Белокосков молчал. Степанов набросал схему, показал кроки с отметками примерных глубин реки, а также расчеты на рабочую силу, количество барж, тросов, строительных материалов и техники. По опыту Дона мы знали, что дело это рискованное, но осуществимое. После обстоятельного обсуждения нашего предложения Белокосков и Советников согласились строить мост у Тракторного и у завода «Баррикады». Н. Н. Степанову поручили подготовить проектную документацию.

В эти дни обстановка сложилась такая, что многие принципиальные вопросы на месте не с кем было решать.

В это время в результате проведенной реорганизации образовались два фронта: Сталинградский и Юго-Восточный. Советников, по существу, сидел на чемоданах. А новый командующий Сталинградским фронтом генерал Андрей Иванович Еременко и его первый заместитель генерал Филипп Иванович Голиков только что прибыли в город и еще не успели вникнуть в оперативную обстановку. Командующий войсками Сталинградского военного округа генерал В. Ф. Герасименко переезжал со своим управлением в Астрахань.

6

Когда предварительный проект и расчеты моста были готовы, мы с В. Е. Белокосковым пошли к А. И. Еременко и Ф. И. Голикову. Белокосков и Еременко, старые кавалеристы, знали друг друга еще чуть ли не с гражданской войны, вместе служили в Белорусском военном округе. Разговор сразу пошел деловой и душевный. Василий Евлампиевич рассказал о принятых и намеченных мерах по организации тыла, строительству мостов, а также [199] о нуждах фронтов, о которых он намерен докладывать в Москве.

А. И. Еременко проинформировал нас об обстановке на фронте.

— Враг стремится взять город в клещи, перерезать все наши коммуникации. Железнодорожная линия Поворино — Сталинград доживает последние дни.
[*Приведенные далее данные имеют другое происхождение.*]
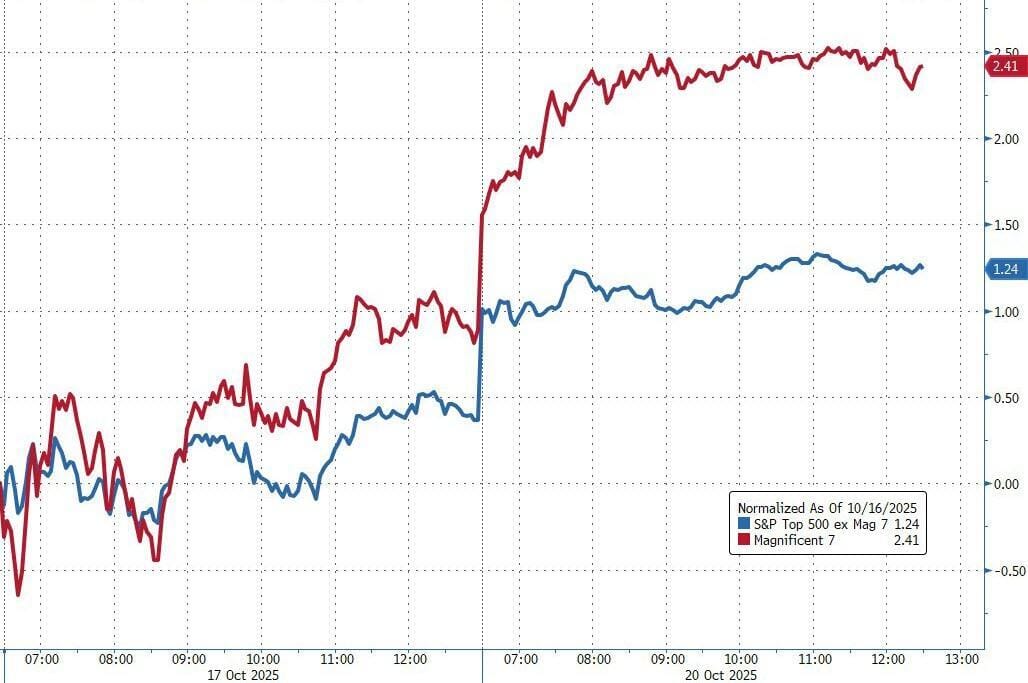 Los bancos regionales volvieron a subir sólidamente hoy, liderando los sectores y recuperando la debilidad de la semana pasada. AAPL subió más de un 4% (la serie iPhone 17 superó en ventas al iPhone 16 en un 14% durante sus respectivos primeros 10 días de venta en EE. UU. y China) hasta un nuevo récord por primera vez desde diciembre de 2024, acercándose una vez más a una capitalización de mercado de 4 billones de dólares. AAPL llevó a las acciones de la Mag7 a otro gran día de desempeño superior en relación con el S&P 493.

Вся надежда на автотранспорт. Всеми силами и средствами нам надо спасать людей. Раненые, женщины и дети не могут ждать наших мостов под бомбежкой.

Василий Евлампиевич подошел к столу, развернул свою карту и уточнил районы, где в первую очередь намечалось построить железнодорожные линии.

— Основная масса груза будет поступать с севера, — сказал Белокосков. — Какие дороги имеются за Волгой? Единственная однопутная линия от Урбаха до Астрахани. Пропускает она в сутки всего несколько пар поездов. Станции технически не развиты. Подвижной состав на них держать нельзя: местность открытая. В таких условиях вагоны необходимо разбрасывать по тупикам и веткам. Но их нет, не построены. Вблизи Сталинграда всего один разъезд.

— Видите, как необходимы железнодорожные подходы к Волге, — сказал Еременко. — Строить их надо безотлагательно. Пусть ГОКО утвердит все это своим решением.

Белокосков отдал необходимые распоряжения Советникову. Н. Н. Степанову поручалось возглавить строительство мостов через Волгу у Тракторного завода и в южной части города. На возведение моста у Тракторного завода было поставлено шестое военно-дорожное управление под командованием инженер-подполковника Н. В. Бердичевского. Ему придали понтонные и другие части от инженерных войск фронта. Г. Т. Донец получил задачу рекогносцировать Волгу на север до Саратова.

7

В тот же день мы с Белокосковым вылетели в Москву. В самолете подсчитали, сколько сталинградцам нужно выделить автомашин. Получилась внушительная цифра — не менее пяти тысяч. Базироваться они будут в Камышине. Следовательно, Камышин надо связать автомобильными [200] дорогами со Сталинградом и с Москвой. Из Москвы дорога пойдет до Рязани по шоссе, а далее по большакам и проселкам через Ряжск, Мичуринск, Тамбов, Саратов. Эти большаки и проселки нужно привести в порядок, сделать проезжими в любую погоду, организовать там комендантскую службу. Но больше всего беспокоили нас переправы через Волгу. Их надо строить. Сталинградцы своими силами, конечно, не справятся. Прикинули, сколько на все работы потребуется дорожных и мостостроительных батальонов. Получилось несколько десятков.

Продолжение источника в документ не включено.